The second script runs the same input stream through a "sham" background consolidator that folds every 3 turns into one summary string, and through agentmemory side by side. The sham consolidator demonstrates three failure modes agentmemory does not share: forget() is a no-op once the trace has been baked into the summary, retrievals return an opaque blob with no event ids, and the source bytes are not guaranteed to survive consolidation.

Source: examples/visible_retrieval_demo.js and examples/vs_background_consolidator.js.

End-to-end Claude demo

A small runnable demo wires EpisodicStore, OnDemandSummarizer, and the Anthropic SDK together:

npm install @anthropic-ai/sdk
ANTHROPIC_API_KEY=sk-ant-... node examples/claude-agent.js

The demo shows two sessions, retrieval across them, the summary printed before injection (so you can see exactly what's going into Claude's context), and a real delete that removes a memory with no tombstone left behind. Source: examples/claude-agent.js.

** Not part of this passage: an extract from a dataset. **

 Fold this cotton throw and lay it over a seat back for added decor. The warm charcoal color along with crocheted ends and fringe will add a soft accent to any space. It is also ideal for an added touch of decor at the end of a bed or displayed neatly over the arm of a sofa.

Postgres adapter (production backend)

The default EpisodicStore is in-memory. For production, swap in PostgresEpisodicStore (same interface, real deletes via DELETE):

import pg from "pg";
import { PostgresEpisodicStore } from "@mukundakatta/agentmemory/postgres";

const pool = new pg.Pool({ connectionString: process.env.DATABASE_URL });
const store = new PostgresEpisodicStore({ pool, embedder: myEmbedder });
await store.init();  // creates `agentmemory_events` table + indexes if missing

await store.append({ sessionId: "user-42", kind: "user_message", text: "hi" });
const hits = await store.retrieve("greetings", { sessionId: "user-42", topK: 5 });
await store.deleteEvent(hits[0].id);  // real delete, no tombstone

Schema is documented in src/adapters/postgres.js. Works on plain Postgres; if you have pgvector you can swap the embedding FLOAT8[] column for vector(N) and rewrite the retrieve ORDER BY for indexed cosine.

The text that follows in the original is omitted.